Going back to the 1950s, as Hobie Alter and Gordon “Grubby” Clark began to perfect their initial surfboard foam it was Walker that provided them with the most consistent competition. Devising his own formulas and techniques for blowing foam, Walker was able to go toe to toe with Clark Foam, providing blanks and servicing surfboard shapers, including Hap Jacobs in Hermosa Beach, with materials.

To say competing with Clark Foam was a challenge would be an understatement. Clark was notorious for not selling to anyone that bought foam from somebody else, especially Walker, and by 1973, Walker was forced to walk away from his business because of dwindling sales.

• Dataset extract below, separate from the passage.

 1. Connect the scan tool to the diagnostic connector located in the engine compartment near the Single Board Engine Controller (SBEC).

Eventually, Walker found his way back into the surfboard blank business, starting Walker Foam back up in 1990. Proving that most things in this world come out in the wash, on Dec. 7, 2005, Clark abruptly shuttered the Clark Foam factory in Orange County. This should have been a huge windfall for Walker Foam, but the business wasn’t set up to handle the over-night demand for blanks that emerged in the wake of Clark’s closure.

“I could sell thousands of blanks right now if we had them,” Walker told the L.A. Times in December 2005. “It’s surreal.”

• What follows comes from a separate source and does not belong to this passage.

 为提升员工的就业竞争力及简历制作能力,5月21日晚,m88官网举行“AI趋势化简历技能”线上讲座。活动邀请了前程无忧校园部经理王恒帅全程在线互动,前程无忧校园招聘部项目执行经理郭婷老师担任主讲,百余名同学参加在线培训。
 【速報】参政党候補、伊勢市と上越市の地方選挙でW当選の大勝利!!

“Before long they were rockin’ and rollin’ in orders and even though it was impossible to keep up, it was a much better situation to be in than not having any orders at all,” recalled Corky Carroll in a column for the Orange County Register. “Since then, things have levelled off and Harold Walker has had a nice run as a leading surfboard foam producer. One of the true ‘survivors’ of the industry.”

Unfortunately, Walker was unable to hang on and ended up permanently closing his factory in Wilmington in 2007.

Walker was inducted into the Surfboard Builders Hall of Fame in Huntington Beach in October 2018. He will be greatly missed.